Diesel engine regulations: SB 1008 popped up again and is the subject of new negotiations. As it stands now, the bill simply requires the state to do an inventory of all off-road diesel engines in Oregon. OSCC believes it is premature to engage in diesel engine regulation without taking inventory of off-road engines in use throughout the state. But environmental proponents are hoping to score some kind of win with diesel engines, so the bill is undergoing 11th hour discussion and negotiation. OSCC is actively engaged in this issue.
Liability Costs / Damage Awards: We received notice late Friday that the trial lawyers would take yet another stab – their third – at trying to increase damage awards for negligence and personal injury lawsuits. It appears that having been defeated with SB 487, then SB 737, the trial lawyers will try and stuff their amendments into HB 2807 this week. This is a perfect case-in-point on why organizations need to stay vigilant until the final gavel drops. The bill is designed to pierce policy limits and force companies to settle out of court even on marginal claims.
The battle over the use of TRT funds is picking up steam in the House Revenue Committee. As anticipated, HB 2064 was unveiled last week with several amendments that would change current parameters around use of TRT funds. The -1 amendments would allow TRT dollars to be spent on an expanded list of tourism-related expenditures not related to tourism promotion. The -2 amendments would increase local government share of future TRT revenues to 50 percent (currently it’s locked in at 30 percent). But at the end of the hearing, the committee did not adopt any amendments or take action on the bill.

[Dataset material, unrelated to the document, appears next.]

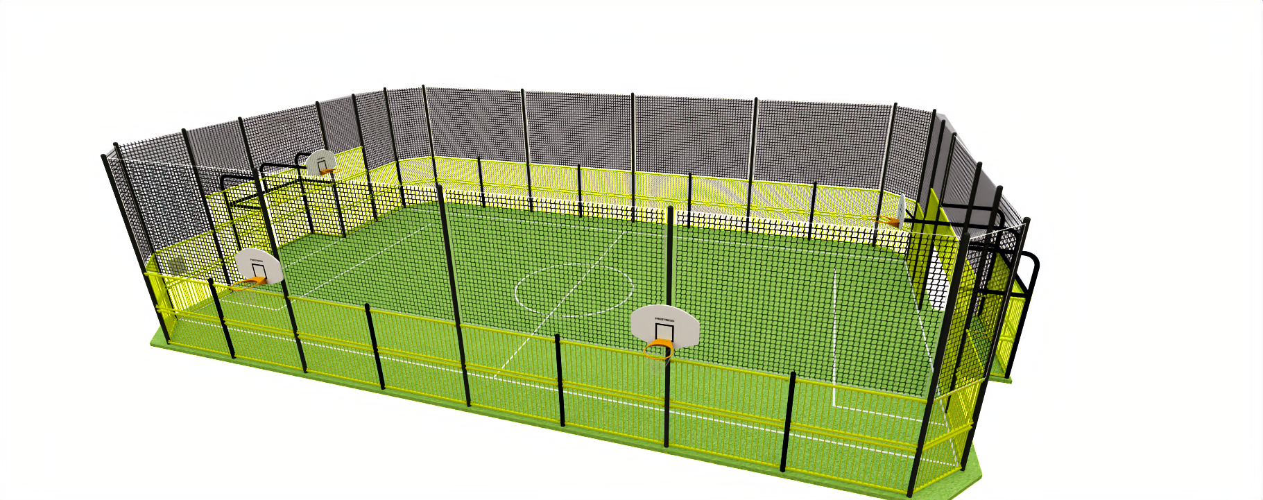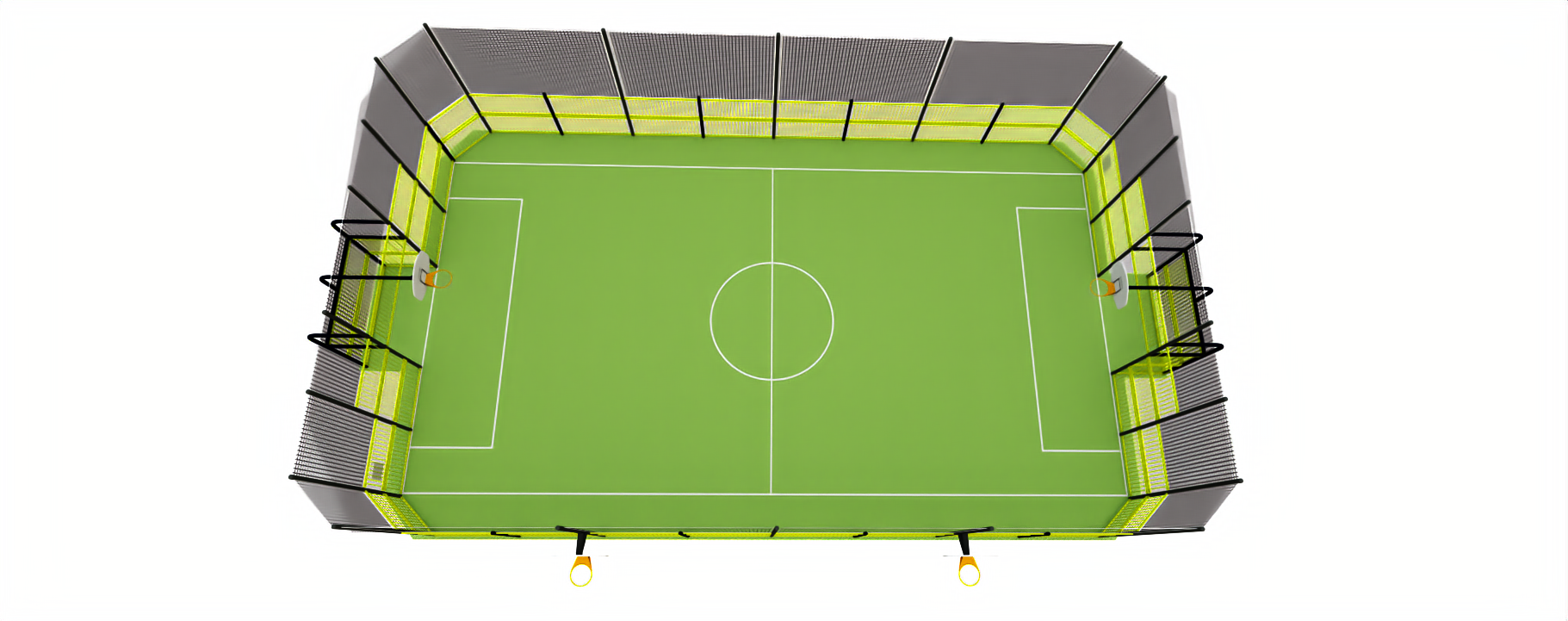 L’équipement est doté de fonds de buts en barreaudage acier, assurant robustesse et durabilité face à une utilisation intensive. La structure intègre une double hauteur de lisse, renforçant la résistance périphérique et contribuant à la stabilité de l’ensemble. Deux buts de basket-ball latéraux à hauteur réglementaire fixe de 3,05 m, équipés de cercles renforcés, permettent une pratique conforme aux standards tout en garantissant une excellente tenue dans le temps.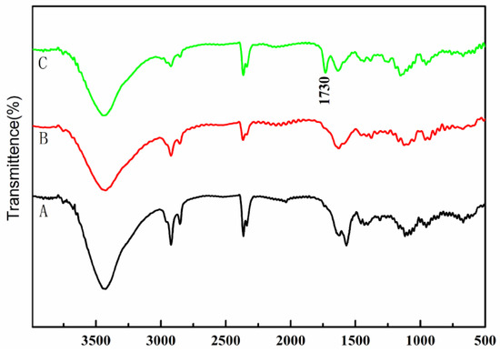 FTIR spectra of (A) untreated CF, (B) nitric acid and sulfuric acid-treated CF, and (C) MMA-treated CF.

OSCC will keep close watch on this issue as it develops.
OSCC is actively engaged in the business tax reform discussion with Senator Mark Hass. There are several competing proposals to reform business taxes, all of which contemplate a new Gross Receipts Tax (GRT). The GRT discussion is inching along. Despite assertions in the Oregonian that a compromise deal is in the works, it still remains a faraway possibility.
The progressive Democrats oppose Hass’ plan because it raises far too little in revenue. The Republicans have no intention of voting for tax increases when revenue is streaming into the state (see revenue forecast discussion above).

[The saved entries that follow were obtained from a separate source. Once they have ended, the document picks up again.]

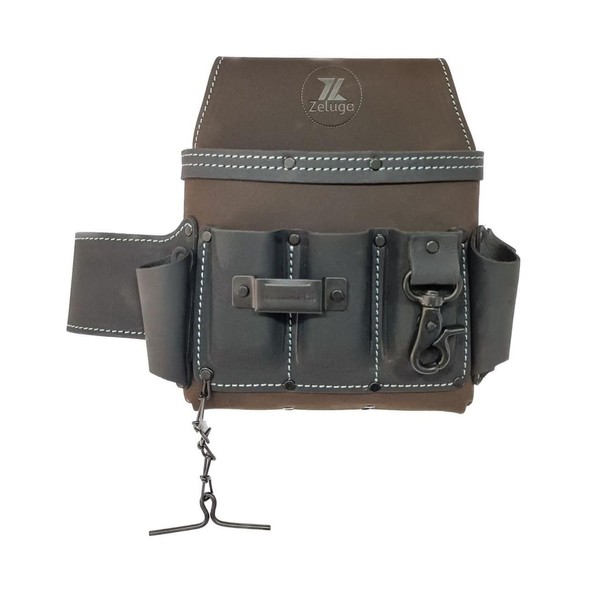 Zeluga 20-386 6 Pocket Nubuck Saddle Leather Electrician Tool Pouch, Brown/Black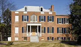 Holly Hall is a historic home located at Elkton, Cecil County, Maryland, United States. Built by James Sewall ca. 1810–20, it is a 2+1⁄2-story, Federal-style brick mansion built about 1810. The one-story brick north wing was added as a chapel in the 20th century. Also on the property is a late-19th-century two-story wood tenant house and two concrete block buildings. A few holly trees remain of the many which gave this house its name. Its parapets are unique in Maryland.[2]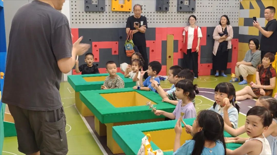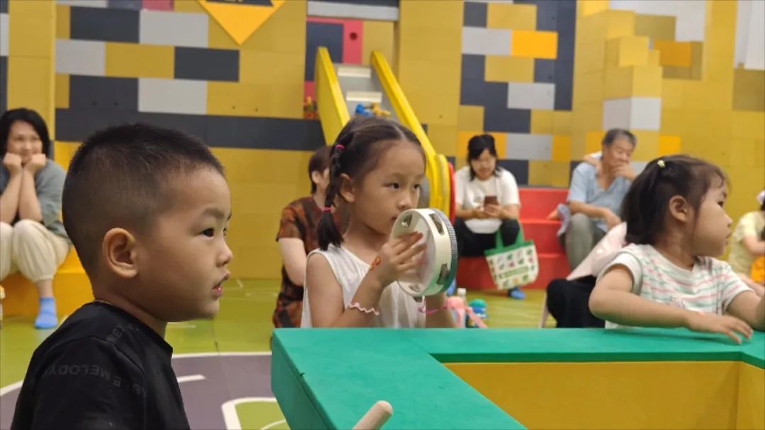 杭州青少年活动中心大米乐园的积木教室里,小朋友们端坐在小椅子上,手里捧着彩色的节拍器。后排的家长们或站或坐,目光温柔地落在自家娃身上,整个教室安静得能听见阳光落在地板上的轻响。

OSCC wants to emphasize that these discussions are extremely fluid and there is nothing set in stone. Any GRT proposal at this stage would be predicated on budget cuts/government efficiencies that are not materializing at this point.
Other tax legislation of concern includes HB 2067, which blacklists certain countries as ‘tax havens’ and increases tax burden on companies with Oregon affiliates located in these tax havens, and HB 2019, which requires the public disclosure of Oregon sales and Oregon taxes of any company that avails itself of at least $1,000 in Oregon tax credits. OSCC joins its business association partners in opposition to these bills.
Government Cost Savings
OSCC sees no progress to-date on PERS reform, health care cost savings, state hiring freezes, etc. Proposals and ideas are being tossed around loosely but there has been absolutely no concrete policy development or leadership around any of these ideas.